[[ RECORDS PROVIDED, beginning ]]

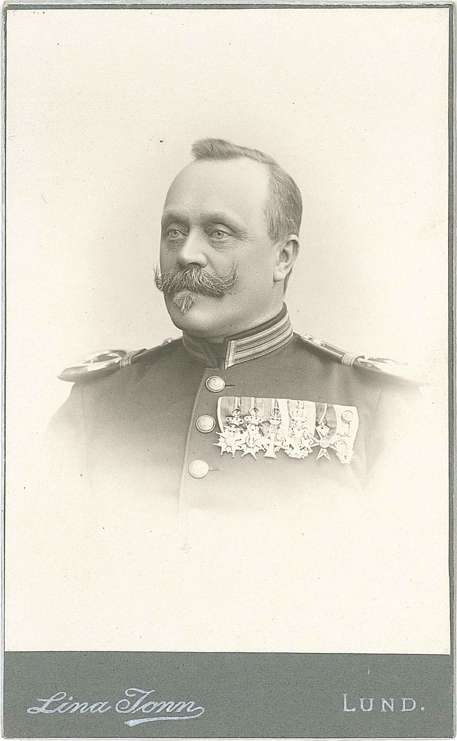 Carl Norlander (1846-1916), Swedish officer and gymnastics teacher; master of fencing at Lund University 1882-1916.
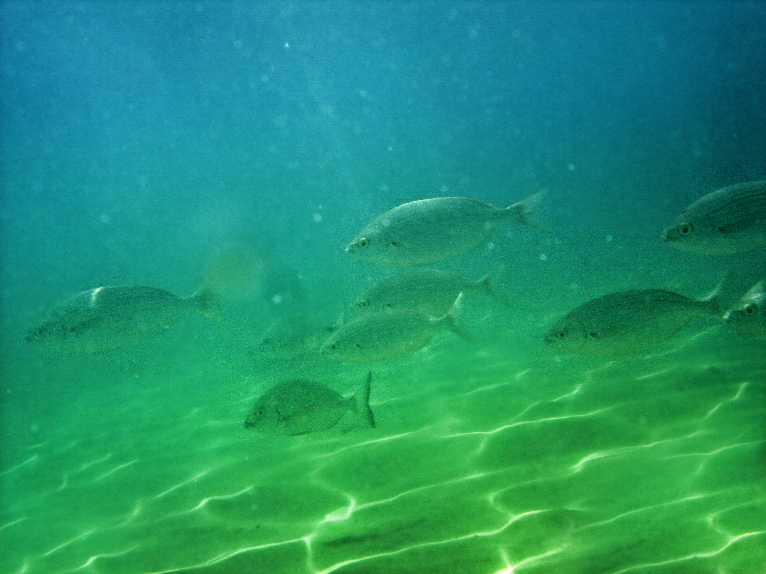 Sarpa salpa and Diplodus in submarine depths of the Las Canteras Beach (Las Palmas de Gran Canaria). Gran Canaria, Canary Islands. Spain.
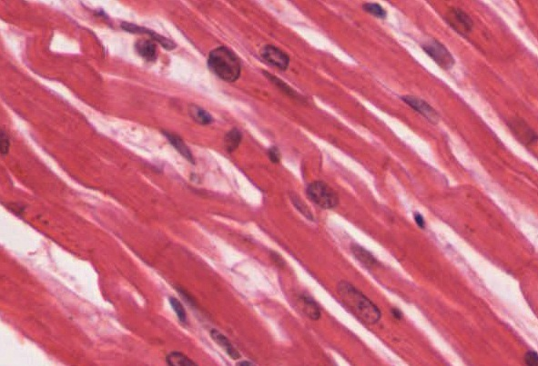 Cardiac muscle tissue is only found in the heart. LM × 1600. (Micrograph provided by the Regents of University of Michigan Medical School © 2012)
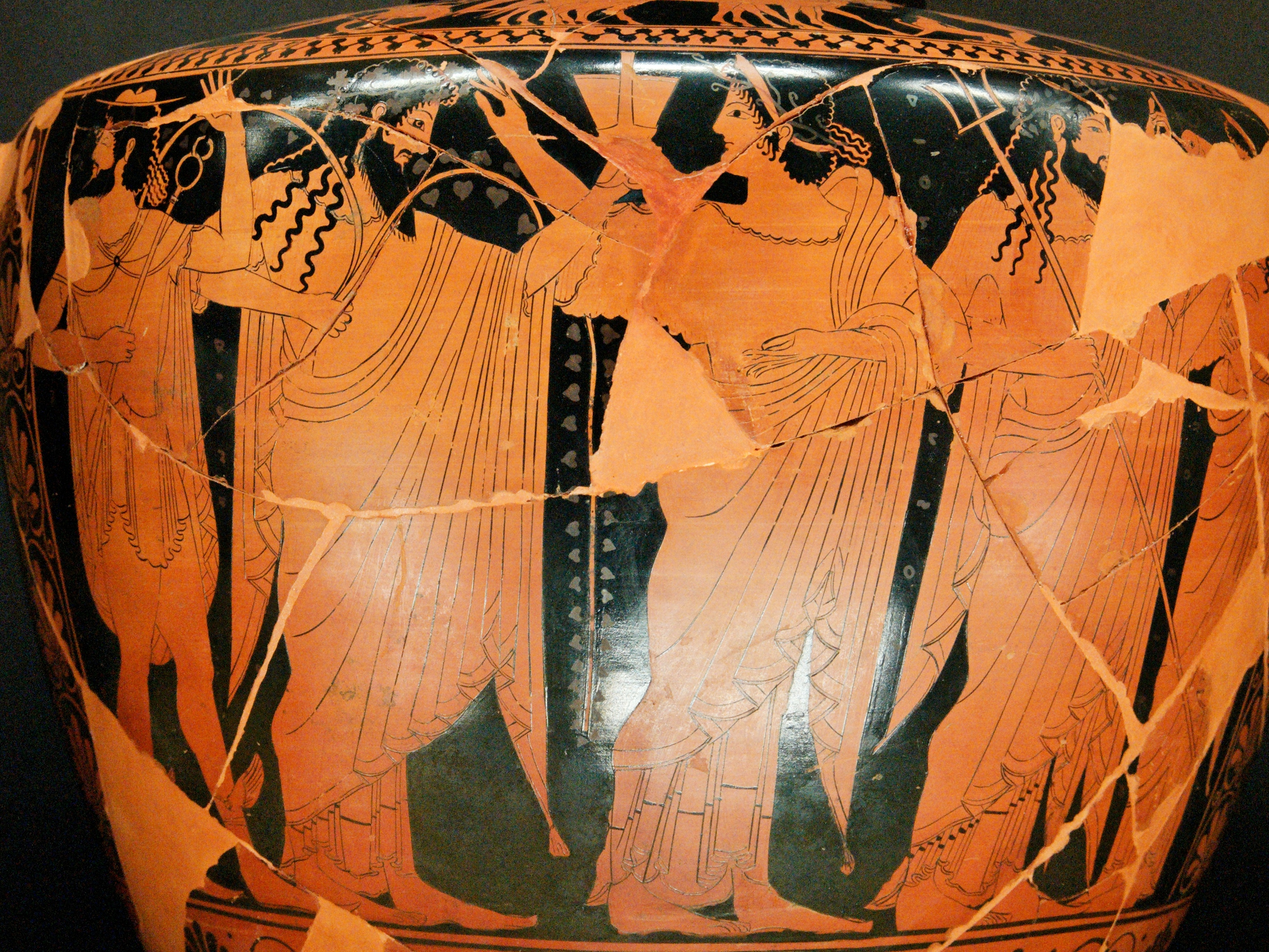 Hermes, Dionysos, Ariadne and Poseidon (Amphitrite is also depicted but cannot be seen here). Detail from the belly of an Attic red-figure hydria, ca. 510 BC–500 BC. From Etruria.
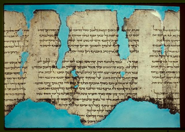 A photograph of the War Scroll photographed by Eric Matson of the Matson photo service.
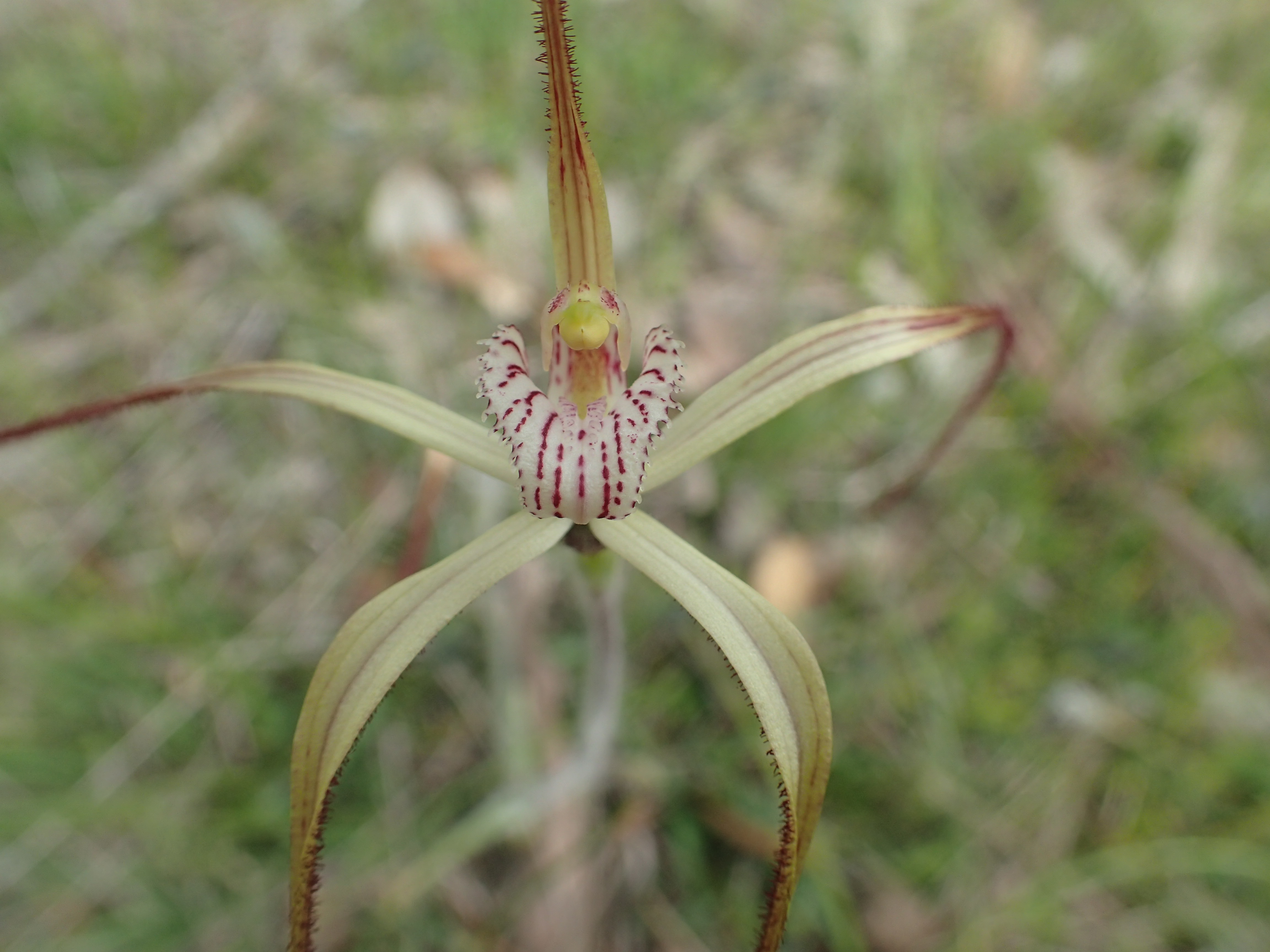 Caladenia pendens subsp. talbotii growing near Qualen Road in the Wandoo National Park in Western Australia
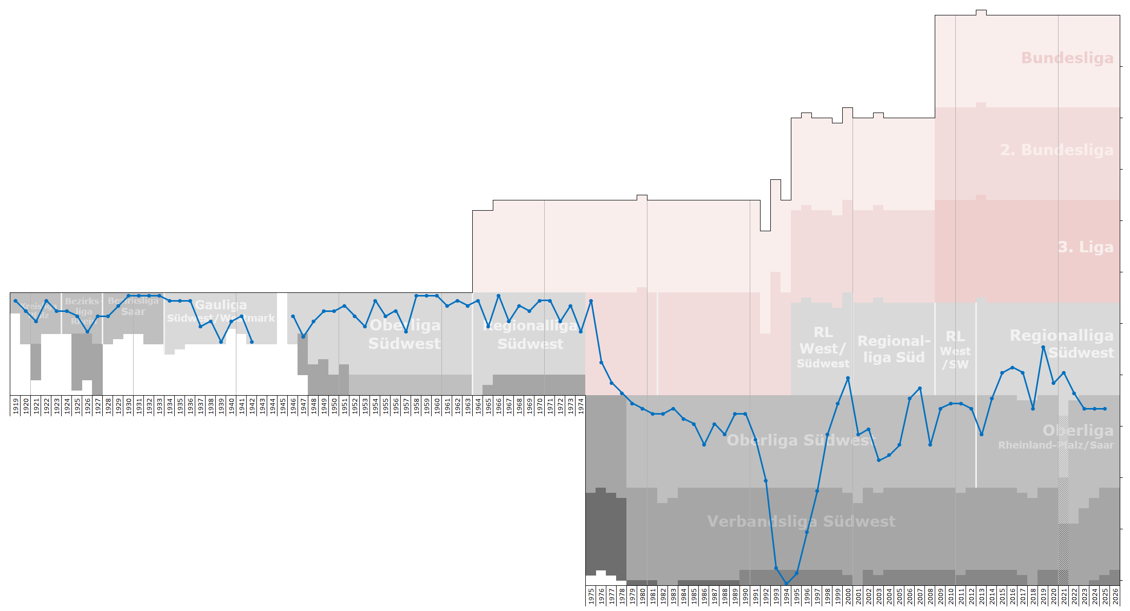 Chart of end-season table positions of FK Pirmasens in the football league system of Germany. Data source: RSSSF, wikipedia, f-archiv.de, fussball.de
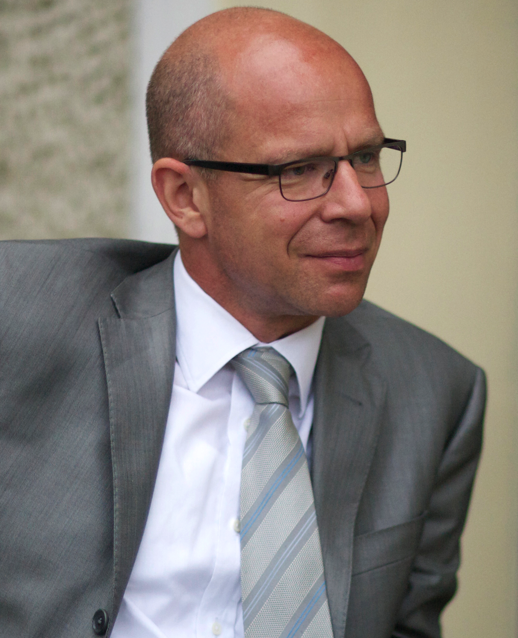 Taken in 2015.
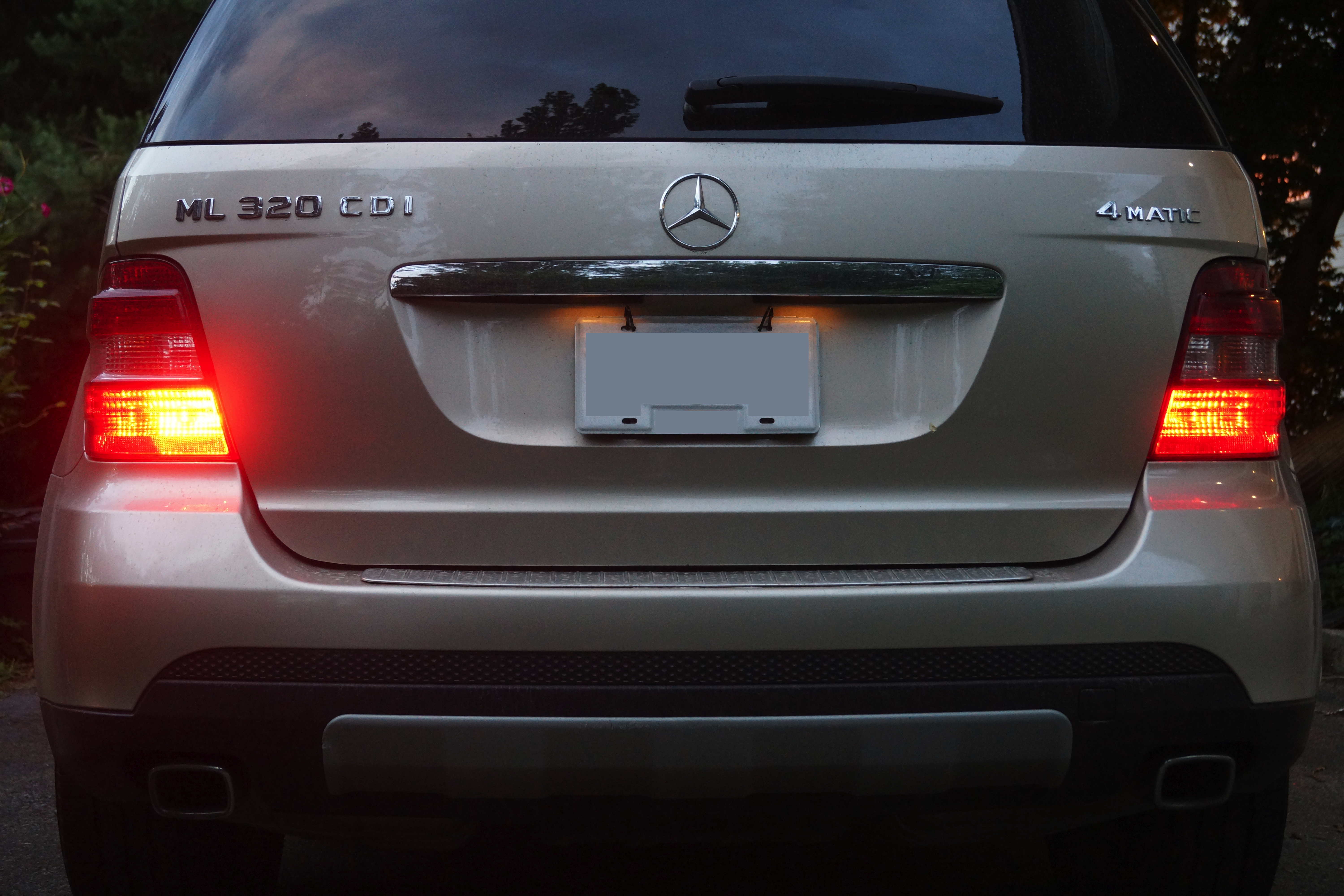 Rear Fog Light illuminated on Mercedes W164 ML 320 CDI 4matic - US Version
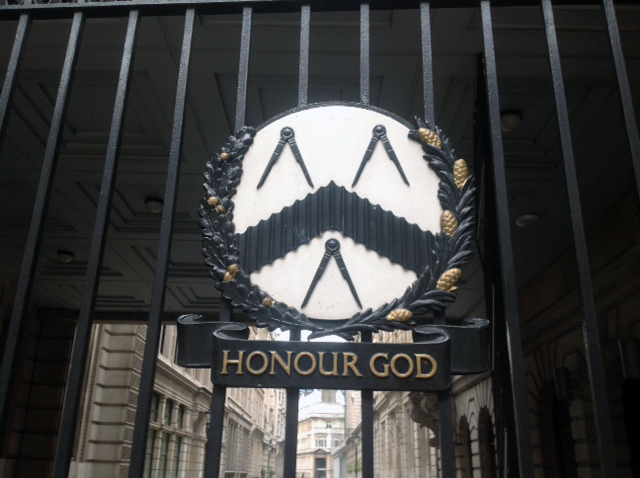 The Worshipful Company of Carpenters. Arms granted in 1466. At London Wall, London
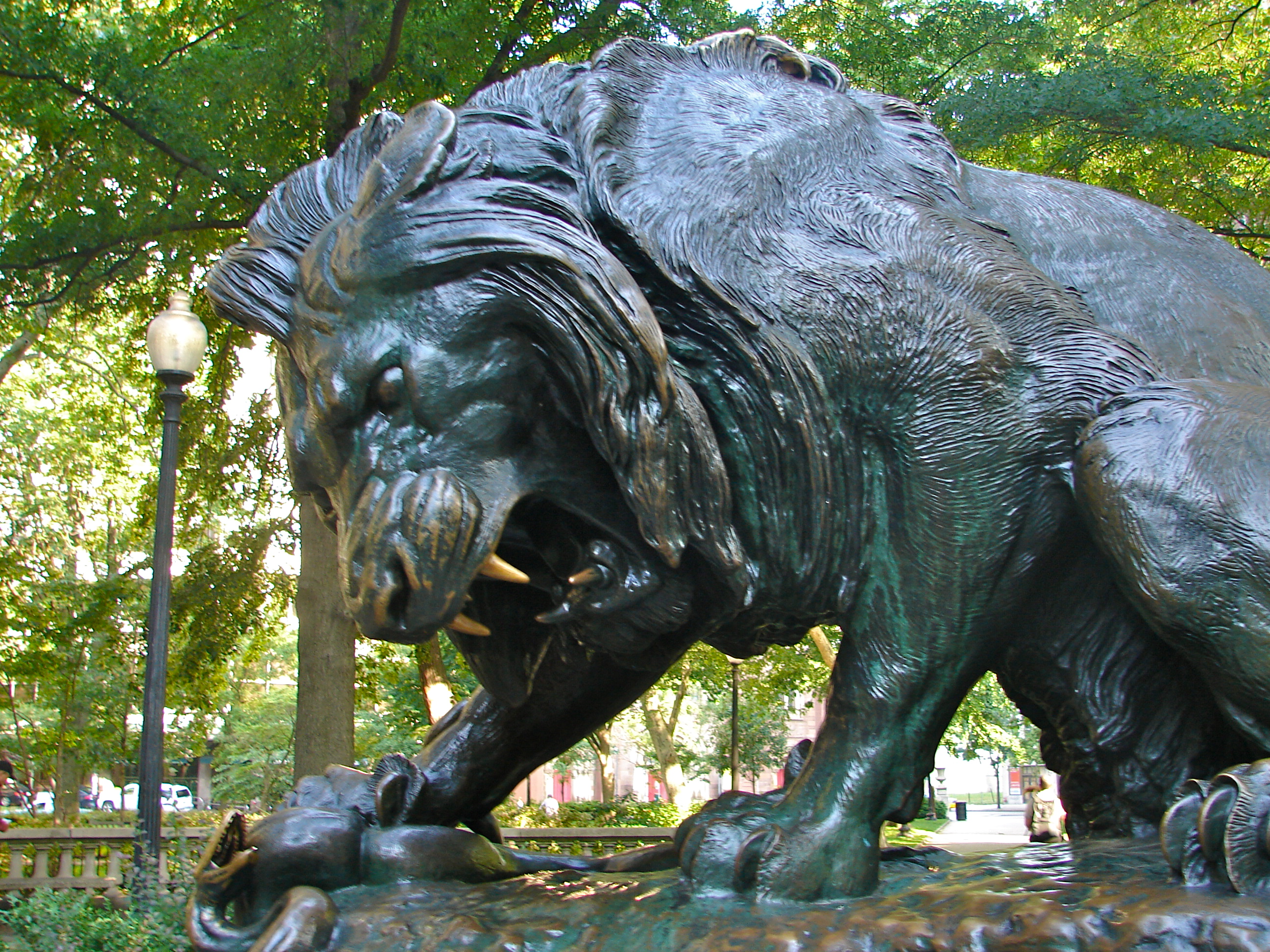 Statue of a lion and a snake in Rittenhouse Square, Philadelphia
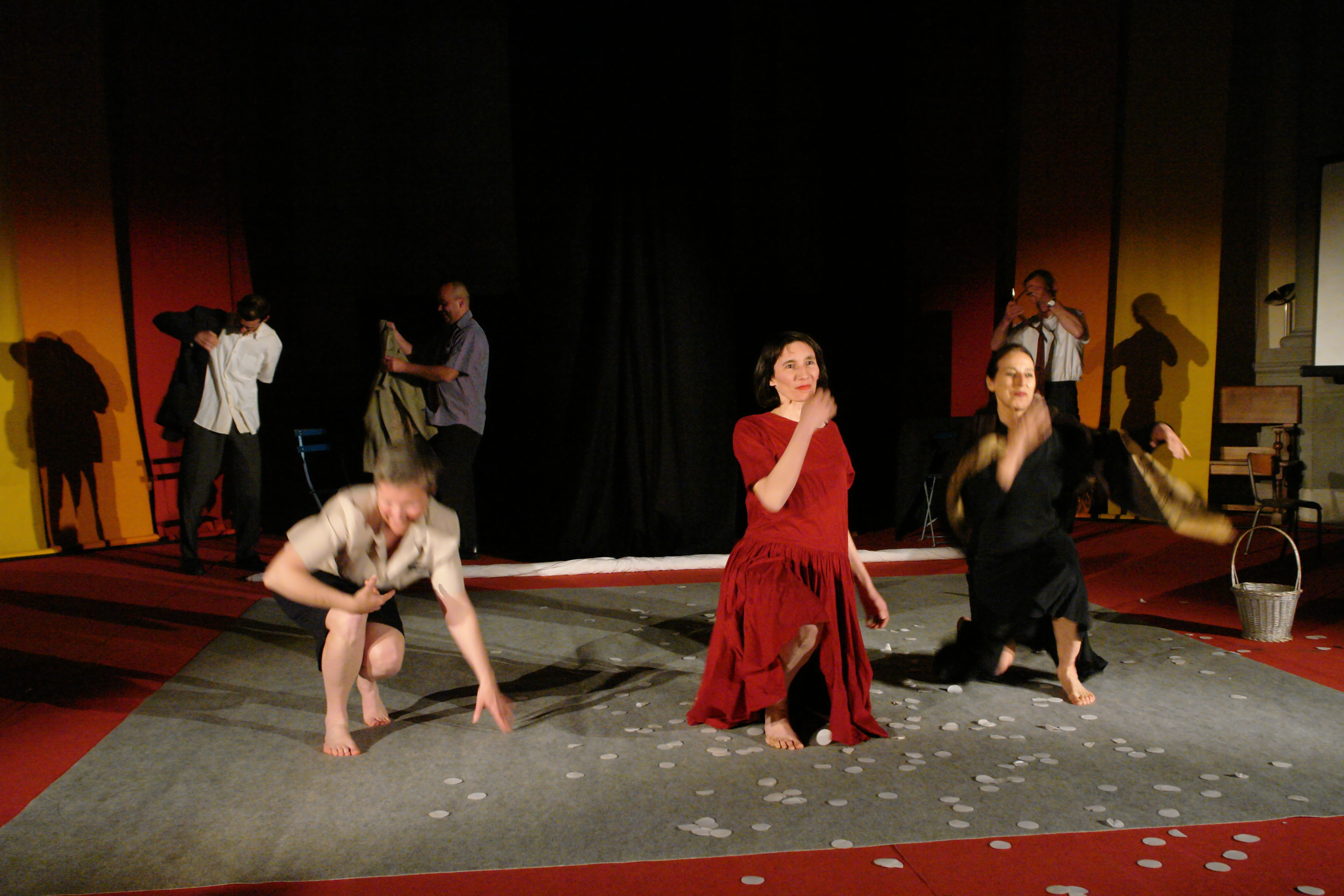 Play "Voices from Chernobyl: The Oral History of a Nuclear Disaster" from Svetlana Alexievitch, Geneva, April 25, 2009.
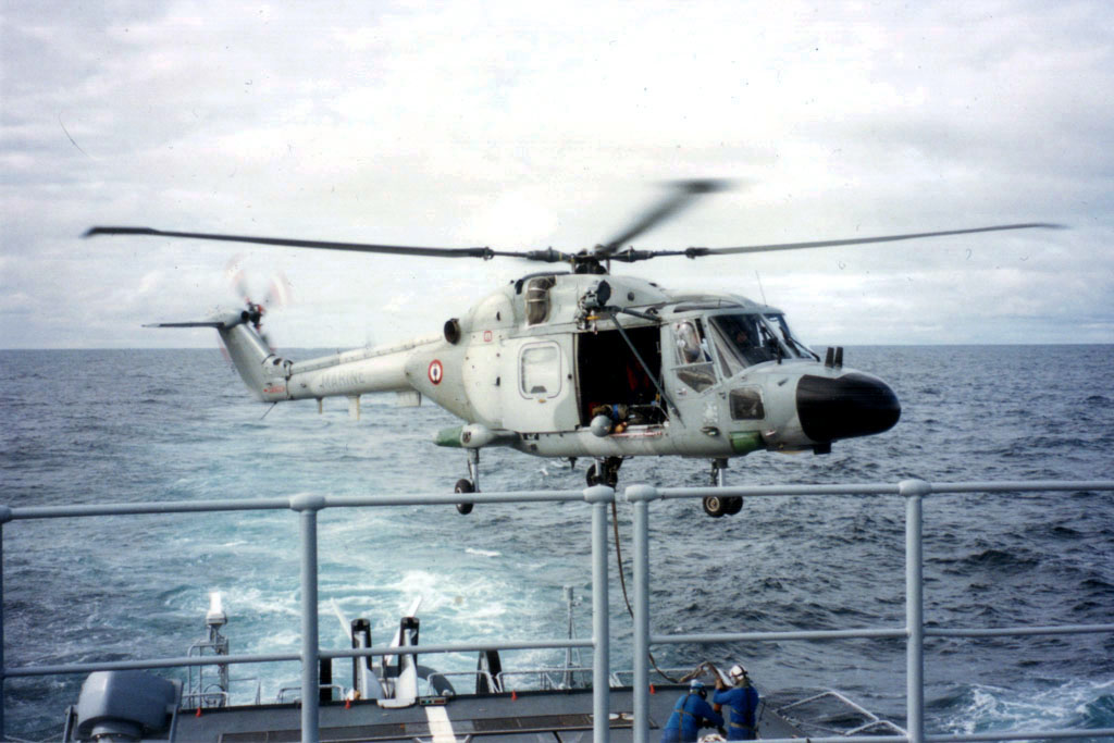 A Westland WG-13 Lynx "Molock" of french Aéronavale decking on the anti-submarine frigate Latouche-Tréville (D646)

[[ RECORDS PROVIDED, end ]]

• [ABOUT THIS EXERCISE]: Exact repeats of the lines from the first one in the data through the line containing "Rear Fog Light" make up the answer. Pictures do not.

• [RESULT FOR THIS EXERCISE]:
 Carl Norlander (1846-1916), Swedish officer and gymnastics teacher; master of fencing at Lund University 1882-1916.
 Sarpa salpa and Diplodus in submarine depths of the Las Canteras Beach (Las Palmas de Gran Canaria). Gran Canaria, Canary Islands. Spain.
 Cardiac muscle tissue is only found in the heart. LM × 1600. (Micrograph provided by the Regents of University of Michigan Medical School © 2012)
 Hermes, Dionysos, Ariadne and Poseidon (Amphitrite is also depicted but cannot be seen here). Detail from the belly of an Attic red-figure hydria, ca. 510 BC–500 BC. From Etruria.
 A photograph of the War Scroll photographed by Eric Matson of the Matson photo service.
 Caladenia pendens subsp. talbotii growing near Qualen Road in the Wandoo National Park in Western Australia
 Chart of end-season table positions of FK Pirmasens in the football league system of Germany. Data source: RSSSF, wikipedia, f-archiv.de, fussball.de
 Taken in 2015.
 Rear Fog Light illuminated on Mercedes W164 ML 320 CDI 4matic - US Version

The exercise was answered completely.